The result? Just the biggest animation funding success in Kickstarter history — nearly $900,000 — and one of the top-funded film projects ever on the site.

It took a year, but the first two new Bee & Puppycat episodes debuted on Nov. 6. Episode three landed last week and episode 4 is expected sometime in the next two weeks. Six more are in the works and will appear beginning in early 2015.

Bee & Puppycat comes from good cartoon stock. The series is the brainchild of Natasha Allegri, a former artist on the Cartoon Network show Adventure Time.

The twentysomething artist lists her influences for Bee & Puppycat as the Sailor Moon manga and anime series and the Superbook Bible time-travel series in an interview posted on Channel Frederator.

A scene from the online animated series 'Bee & Puppycat.'

In the pilot episode, the magical Puppycat literally falls out of the sky and lands on Bee, an unemployed young woman. She takes Puppycat home and they subsequently go on interstellar temporary jobs, among them babysitting a giant fish and fertilizing a funky space farm.

The new episode, based on the sneak peek, involves a visit to the beach and an overflowing toilet. "The voice Natasha brings to the filmmaking, the combination of almost mundane reality and an extreme magical fantasy, is what makes it hearteningly appealing," Seibert said.

The success of online video has given Allegri, and others like her, a platform, he says. "When we went from broadcast to cable, that is the only way we would have gotten Dora the Explorer or Beavis & Butt-head or Adventure Time," said Seibert, who started Cartoon Hangover as part of YouTube's original channels effort in 2012.

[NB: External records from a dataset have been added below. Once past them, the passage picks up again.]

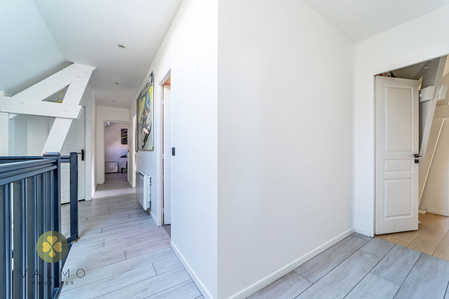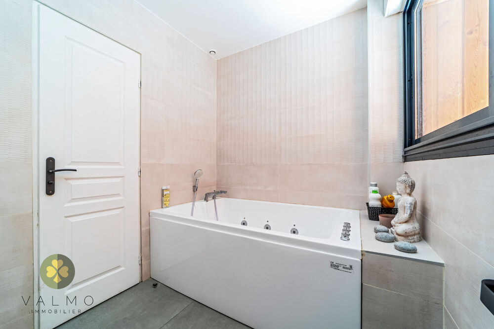 À l'étage : un dégagement, 4 chambres avec rangements dont une suite parentale de 19 m2 avec sa salle d'eau/wc, une salle-de-bains avec baignoire balnéo et un wc.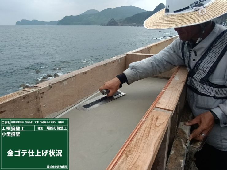 打設完了後、コンクリート表面がいい感じに硬化が入ったところで、仕上げに金ゴテで押え。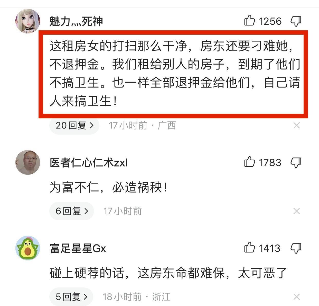 這個事情網友認爲母子二人純屬於無力刁難,蠻橫不講理,這次經過現場曝光之後,房東母子二人行爲實在令人反感,以後不知道她房子能不能租出去。

"The same thing is happening in online video. It has changed the very creative nature of what it is that creative people want to create and what it is people want to see. Without online video wouldn't be seeing anything from Simon's Cat to Dick Figuresto Bee & Puppycat," he said. "Literally the medium itself has changed the inspiration of the creators and opened up avenues to the audiences that they only could have imagined in the recesses of their minds."